Wednesday, August 12, 2015

Stubborn Foreclosure Rates in Illinois

The foreclosure crisis, for all intents and purposes, appears to be over. Homeowners are not as concerned as they used to be about risks of foreclosure, and according to a recent article in USA Today, far fewer homes are “entering the foreclosure process now than before the housing bubble burst.”
However, foreclosure rates in certain states remain particularly “stubborn,” according to the article. By examining data contained in a RealtyTrac report, we can see that Illinois is near the top of the list of states that still have a markedly high rate of foreclosure. What’s going on in Illinois, and how long will it take before the foreclosure crisis truly comes to an end?
Home Loans in Foreclosure Originated Years Ago
By and large, home loans that are currently “in some state of foreclosure were originated between 2004 and 2008.” Many Americans purchased expensive houses with high price tags before the real estate market crashed, and since 2008 they have found themselves with seemingly valueless homes that are underwater.
A home that sold for $500,000 in 2006—for which a Chicago family took out a mortgage of $450,000—that is currently only valued at $200,000 means the owners could not even begin to recoup their investment if they sold the property. For some Chicagoans in this position over the last decade, it did not make sense to stay in the house. Other homebuyers in this situation attempted to make monthly mortgage payments on time, but the difficulties of the recession made this impossible.
Shouldn’t we see strong evidence of improvement by now? The data from RealtyTrac suggests that we are definitely seeing fewer foreclosure starts, but we are witnessing particularly lengthy time periods for completing the average foreclosure. On the one hand, “foreclosure starts (a first notice of loan default or notice that a lawsuit has been filed regarding the ownership of a property) are at a 10-year low.” That is the good news, but on the other hand, “it’s taking forever to get those bad, crisis-era loans through the system.”
RealtyTrac identified a current average of 629 days to complete a foreclosure, which is “the longest the foreclosure process has been since RealtyTrac started tracking the metric in 2007.”
Illinois Remains Hard-Hit By Foreclosures
In RealtyTrac’s calculations, Illinois is the fifth-worst state in the country when it comes to foreclosure issues. As the article points out, some aspects of Illinois’s foreclosure statistics are getting better. For instance, current foreclosure starts are below the level they were at in 2006, before the housing bubble burst.
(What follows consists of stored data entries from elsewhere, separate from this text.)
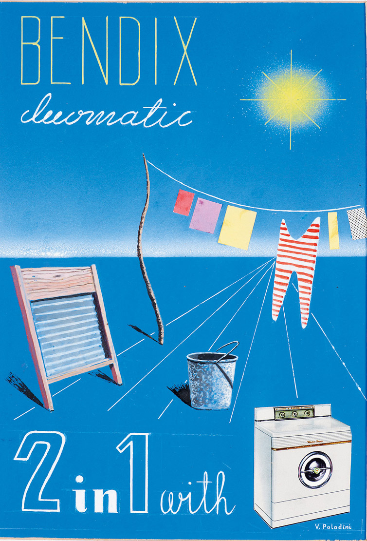 VINICIO PALADINI Mosca 1902 - Roma 1971 COMPOSIZIONE PUBBLICITARIA BENDIX, 1952 tempera e collage su cartone, cm 51x38,4. Firmato in basso a destra: V. Paladini Esposizioni: Roma, Galleria d’Arte del Comune di Roma, Palazzo delle Esposizioni, marzo 1958. Bibliografi a: G. Lista, Dal futurismo all’immaginismo: Vinicio Paladini, Ed. Il Cavaliere Azzurro, Bologna 1988, n. 88, p. 94 riprodotto.
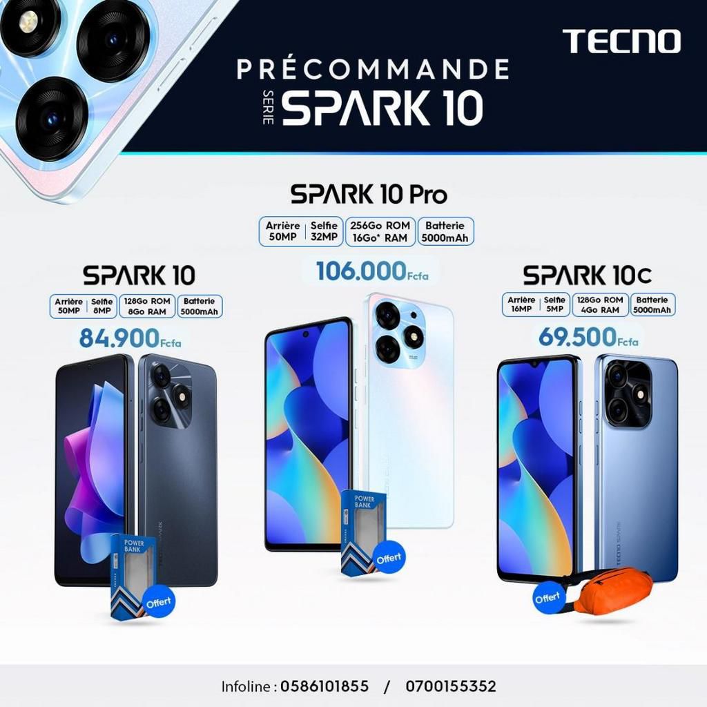 - SPARK 10 : 128Go ROM + 8Go RAM au prix de 84.900 FCFA
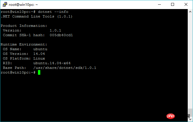 登录后复制安装完成后执行 dotnet --info 如下:
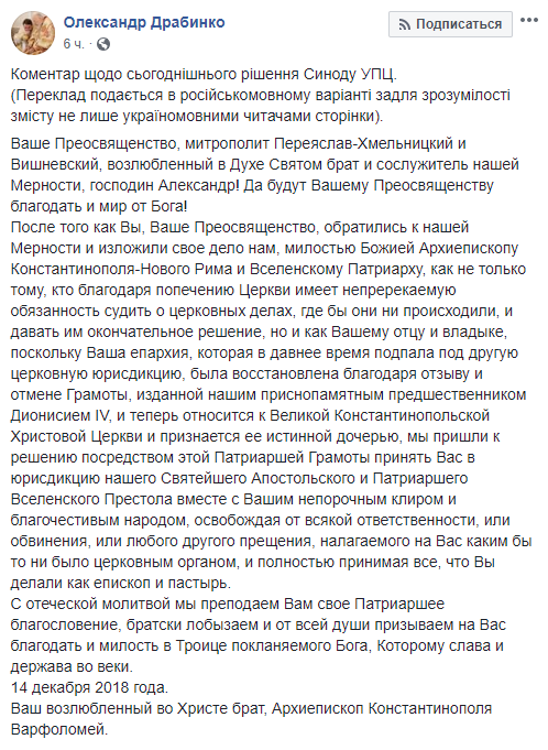 Один из двух канонических украинских епископов – участников т.н. "Объединительного собора Православной церкви Украины" митрополит Драбинко опубликовал грамоту, предоставленную ему патриархом Варфоломеем.
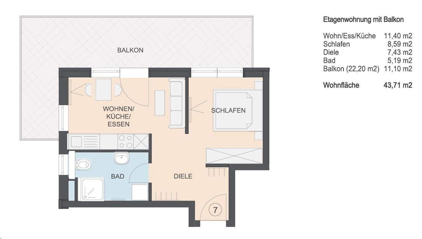 VERKAUFS-START: 2-Zimmer-Balkon-Wohnung ca. 43,70 m², Keller, TG-Platz a. W. WHG-Nr. 07
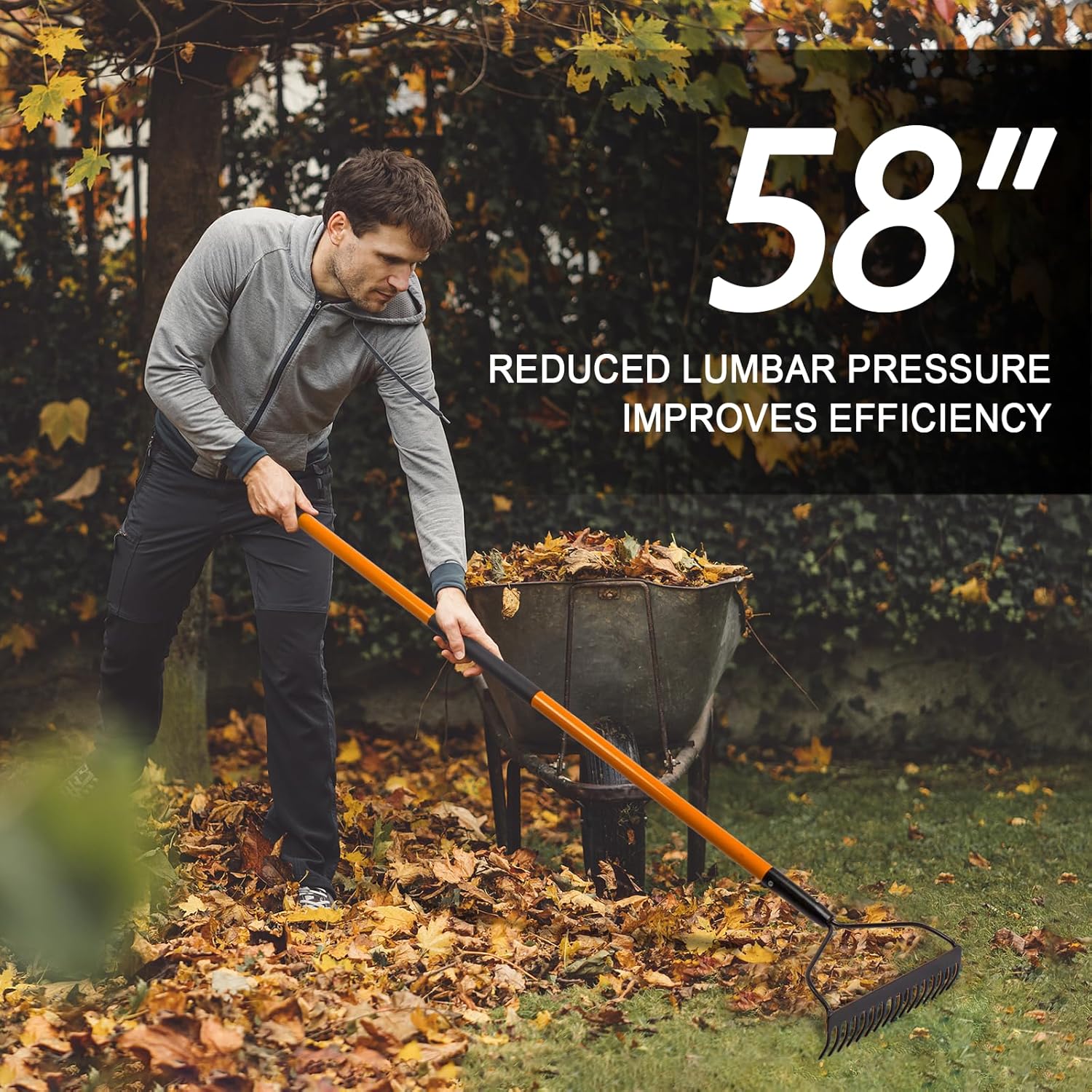 Garden Rake for Gardening, Heavy Duty Garden Rake for Lawns, 14 Tines Bow Rake with Fiberglass Handle, 58 Inches

However, our state also had “a city in the top-10 metro areas . . .with the highest foreclosure rates in the first half of the year.” In Rockford, Illinois, one in every eighty-seven homes was reported to be “in some state of foreclosure.”
Other states that made the list with Illinois include, in order from best to worst:
  • Tennessee
  • South Carolina
  • Indiana
  • Ohio
  • Delaware
  • Nevada
  • Maryland
  • New Jersey
  • Florida
To see a visual representation of the continued problem of foreclosure time from start to finish, readers only need to look at a color-coded map provided by RealtyTrac. The states in darkest green are having the hardest time dealing with continuing foreclosure issues, and Illinois remains a dark green spot in the middle of the country. Currently, RealtyTrac estimates that there are more than 51,200 foreclosures in Illinois. When we compare that number with a figure from a state marked in light green, such as Mississippi, we can see the stark difference. In Mississippi, RealtyTrac estimates that only 523 foreclosures are currently on record.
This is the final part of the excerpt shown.